Goal of the exercise
Shown below are entries with pictures; the line with "As the Assistant" through the line with "IMPORTANTE: Regola la" is the span to retype exactly, and the pictures stay out.

*** Input material ***

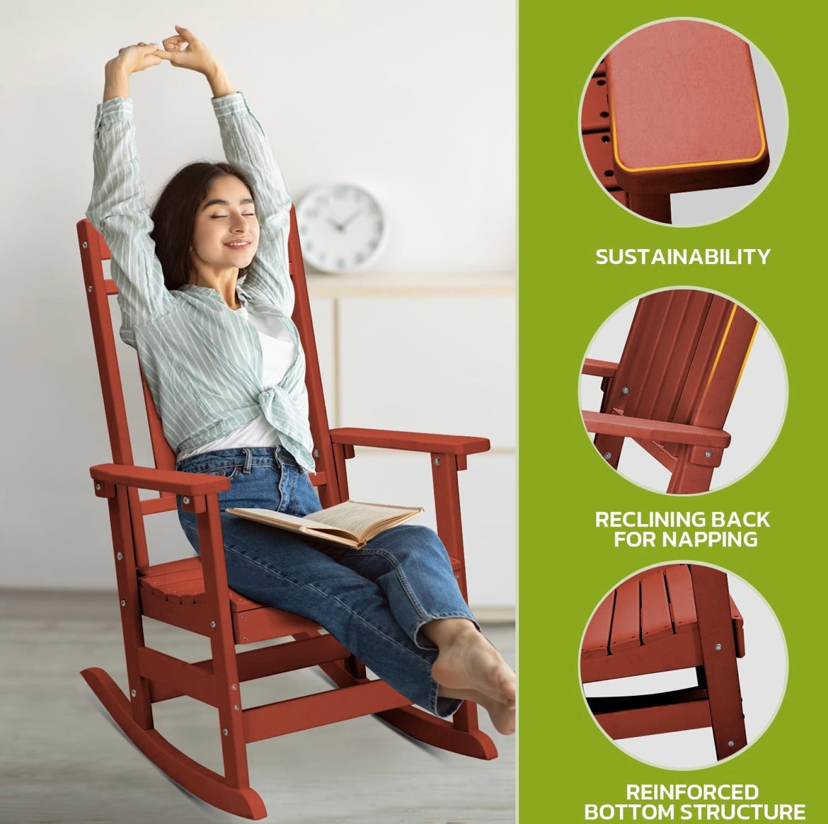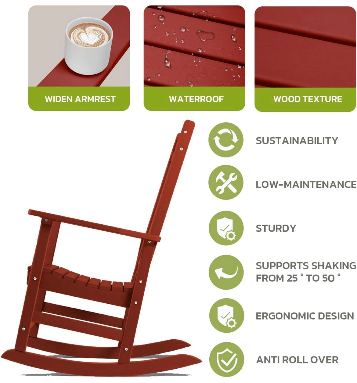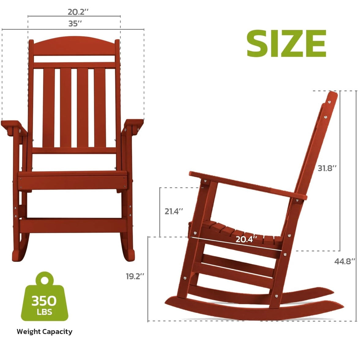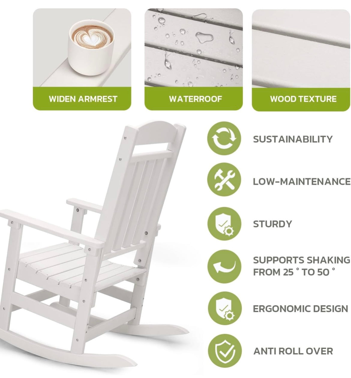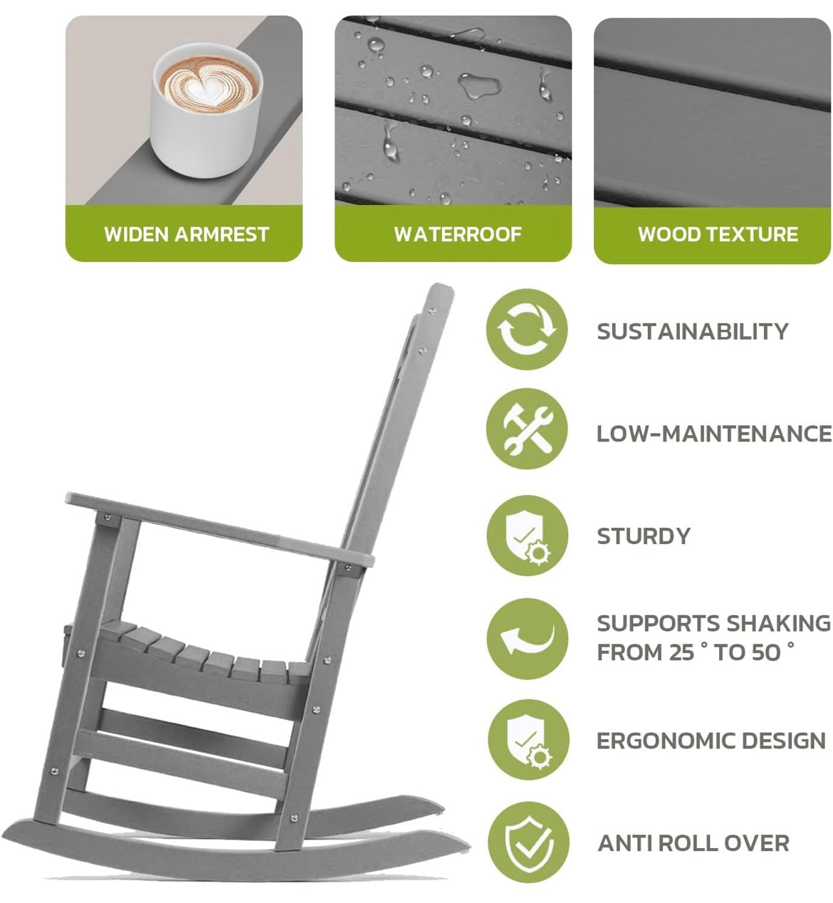 These outdoor rockers are the perfect lounging chair for the porch, patio, poolside or even the mountains. Made of high-density polyethylene, the water-resistant rocker withstands hot sun, heavy snow, torrential rain, strong coastal winds, etc. More friendly than wood: Polyethylene with woodgrain allows you to enjoy wood-like comfort but does not scratch skin like worn wood. Relax you completely: Our ergonomic porch rocking chair can rock you to nap, relieving whole-day fatigue after working. The curved high back fits your body well and widened armrest allows your arms to comfortably stretch
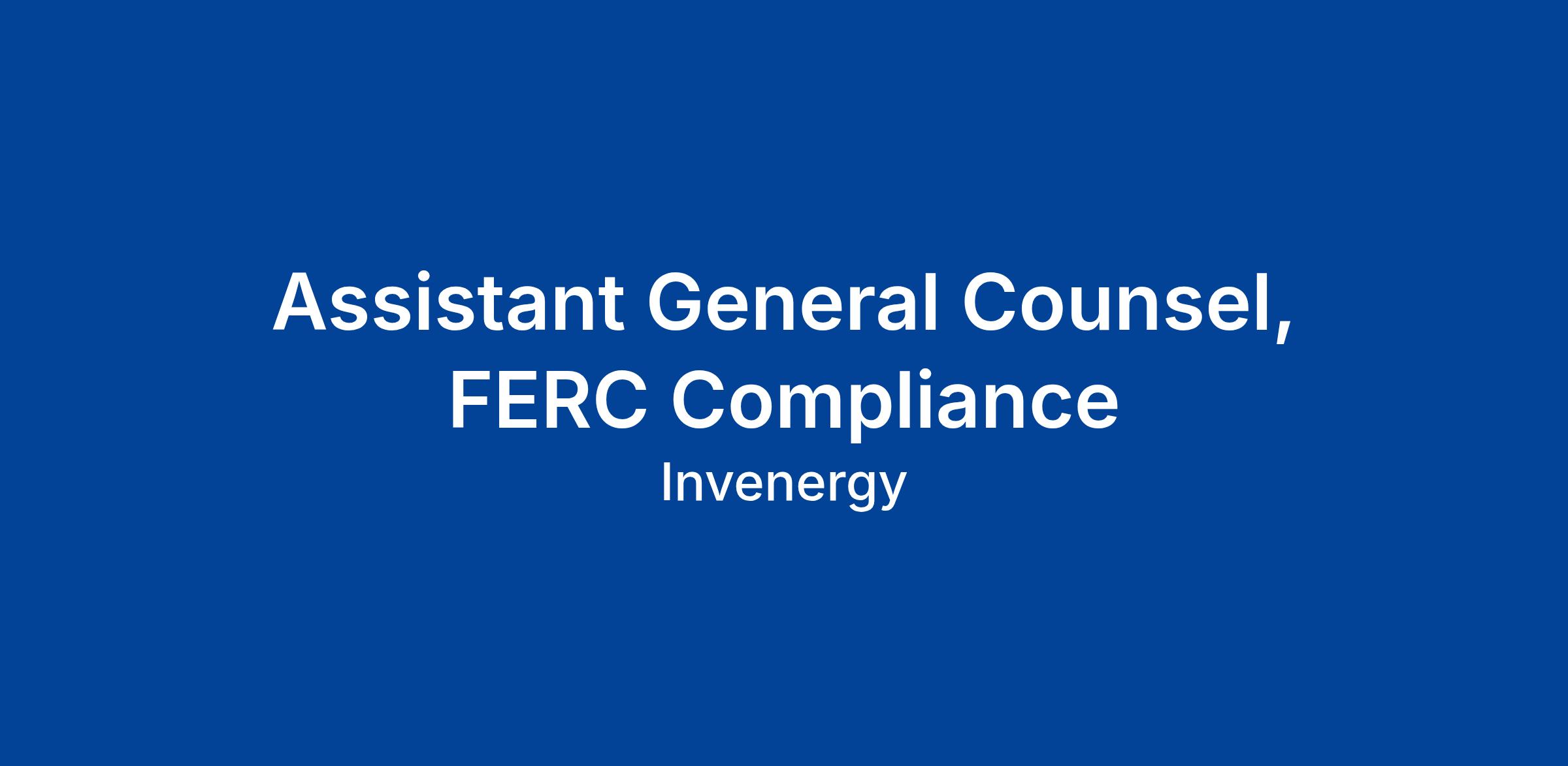 As the Assistant General Counsel, FERC Compliance, you will provide professional legal advice, counsel, support and guidance to Invenergy’s business operations, focused primarily on the Federal Energy Regulatory Commission (“FERC”) regulatory interests of the company as related to its generation and transmission portfolios across the United States. In addition, you will serve a critical function within the legal group, providing input and oversight on various strategic and legal operations initiatives.
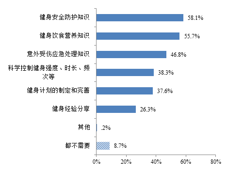 问及受访者“最需要哪些健身知识或常识”时,表示“都不需要”的受访者比例占8.7%,表示“健身安全防护知识(运动损伤的原因及预防等)”的受访者比例最高,占58.1%;其次是“健身饮食营养知识”,占55.7%;第三是“意外受伤应急处理知识”,占46.8%。详见图2(此题多选,相加不等于100%)。
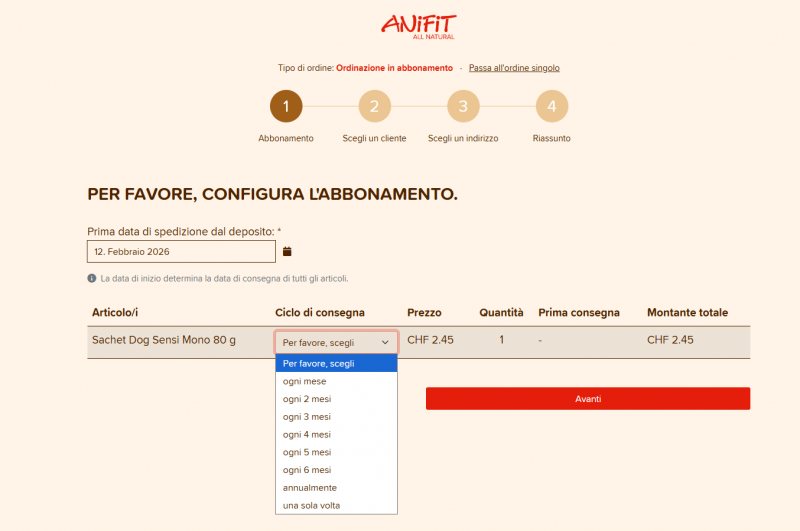 IMPORTANTE: Regola la data di spedizione desiderata ogni volta che cambi l'abbonamento, altrimenti il tuo abbonamento sarà spedito il giorno successivo.
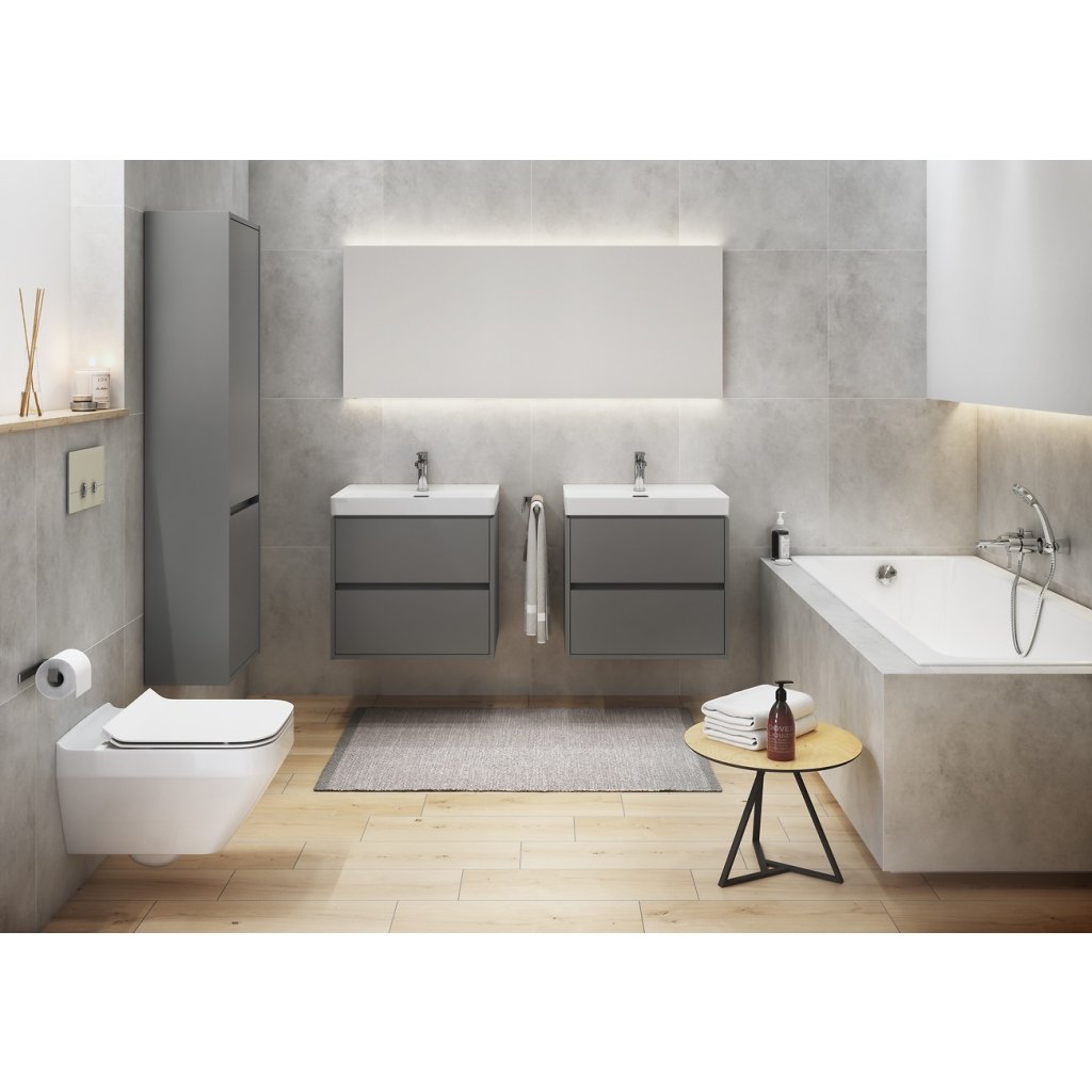 Súčasťou zostavy je závesná umývadlová skrinka CREA 60 s nábytkovým umývadlom CREA 60. Čelo a korpus skrinky sú vyrobené z drevotriesky odolnej voči vlhkosti. Skrinka má pohodlné frézované úchytky a systém tichého zatvárania ako aj dve priestranné zásuvky. Interiér so sivou ľanovou štruktúrou dodáva skrinke dodatočný elegantný vzhľad. Zatváranie šuplíkov je na samospomaľovacom systéme soft-close.
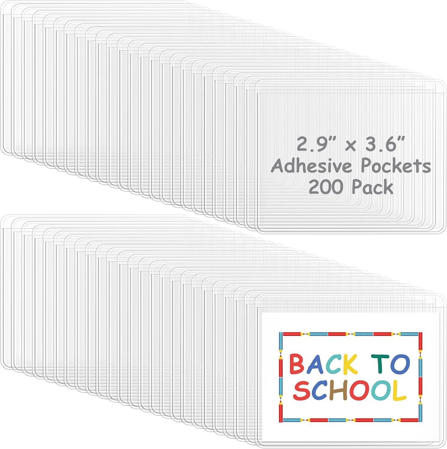 Jeyiour 200 Pcs Label Holders Adhesive Nameplate Pockets Storage Bin Labels Index Card Holder Shelf Plastic Peel Stick for Classroom Supermarket Bookshelf Library Student Box Drawer (2.9 x 3.6 Inch)
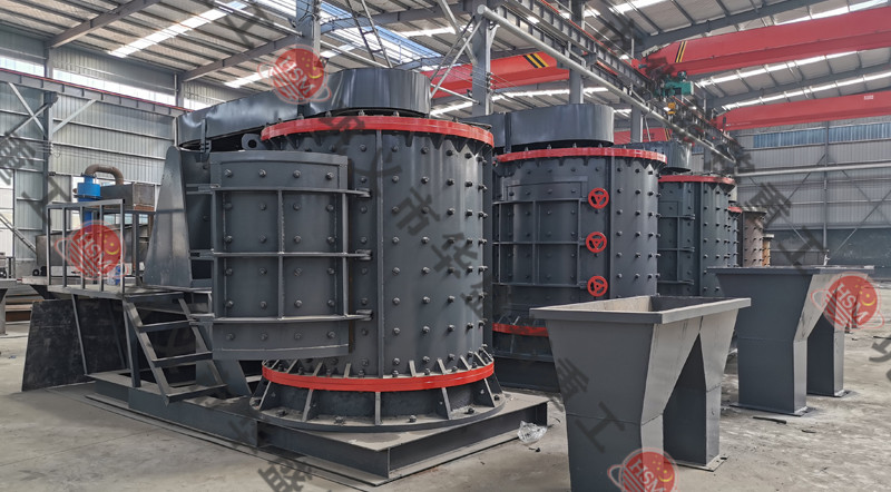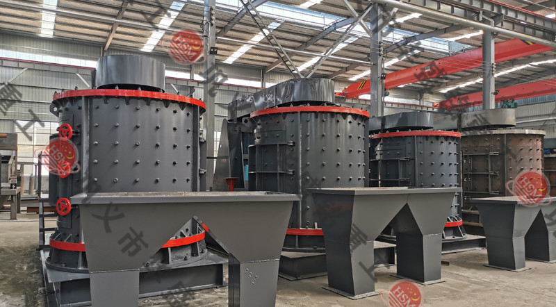 物料由机器上部垂直落入高速旋转的叶轮内,在高速离心力的作用下,与另一部分以伞状形式分流在叶轮四周的物料产生高速撞击与粉碎,物料在互相撞击后,又会在叶轮和机壳之间以物料形成涡流多次的互相撞击、摩擦而粉碎,从下部直通排出,形成闭路多次循环,由筛分设备控制达到所要求的成品粒度。
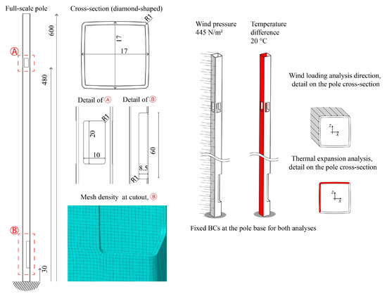 For most of the composite materials, the thermal expansions are lower than those for any steel alloy. Thermal expansion coefficients of fibrous composites depends on the applied constituent materials and the lay-up of reinforcement, along with many factors of measurements [29,30]. In this study, the linear thermal expansion coefficients (CTEs) of the GFRP composite were determined using an experimental arrangement and an iterative FEA of the CTE values based on the residual strain, as described in Section 2.4 and Appendix A. The boundary conditions and loads (wind load distribution), shown in Figure 4, reflect a standard specification [31]. The wind loads represent the primary mechanical load against which the pole structure must be verified. The wind reference speed is given by the standard, e.g., here it is 21 m/s for the terrain category II of Scandinavia. The services for positioning systems are typically well balanced for pole sway yet device-specific performance can set a limit for the maximum allowed shaft bending. In this study, car-crash performance was not evaluated but impact-type loads subjected to the pole shaft were deemed an important local failure type.
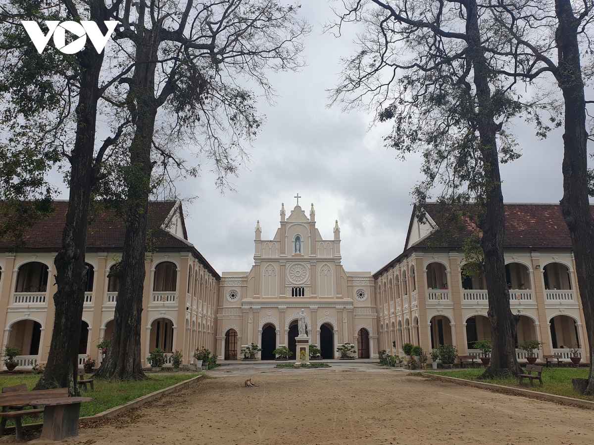 Các nữ tu đang cầu nguyện "Ở đây, đêm Giáng sinh mình tổ chức đêm Canh thức Giáng sinh, mình diễn nguyện lại cuộc giáng thế của Chúa hơn là mình nhắm tới mục đích làm văn nghệ. Đêm này là đêm trọng đại và tất cả những người Kito hữu là phải hợp nhau tới nhà thờ để cử hành mầu nhiệm này" - một nữ tu bày tỏ. Tiểu chủng viện Làng Sông được xây dựng theo kiểu kiến trúc Gothic, lối kiến trúc đặc trưng của người châu Âu trong xây dựng nhà thờ. Phần chính diện của nhà thờ được trang trí bằng những khung ô đối xứng, các bông gió trang trí và những hoa văn họa tiết, cổng vòm nhọn quen thuộc trong lối xây dựng kiến trúc Thánh đường. Xung quanh nhà thờ là cánh đồng lúa ngút tầm mắt. |

*** End of Input material ***

Answer for the task
 As the Assistant General Counsel, FERC Compliance, you will provide professional legal advice, counsel, support and guidance to Invenergy’s business operations, focused primarily on the Federal Energy Regulatory Commission (“FERC”) regulatory interests of the company as related to its generation and transmission portfolios across the United States. In addition, you will serve a critical function within the legal group, providing input and oversight on various strategic and legal operations initiatives.
 问及受访者“最需要哪些健身知识或常识”时,表示“都不需要”的受访者比例占8.7%,表示“健身安全防护知识(运动损伤的原因及预防等)”的受访者比例最高,占58.1%;其次是“健身饮食营养知识”,占55.7%;第三是“意外受伤应急处理知识”,占46.8%。详见图2(此题多选,相加不等于100%)。
 IMPORTANTE: Regola la data di spedizione desiderata ogni volta che cambi l'abbonamento, altrimenti il tuo abbonamento sarà spedito il giorno successivo.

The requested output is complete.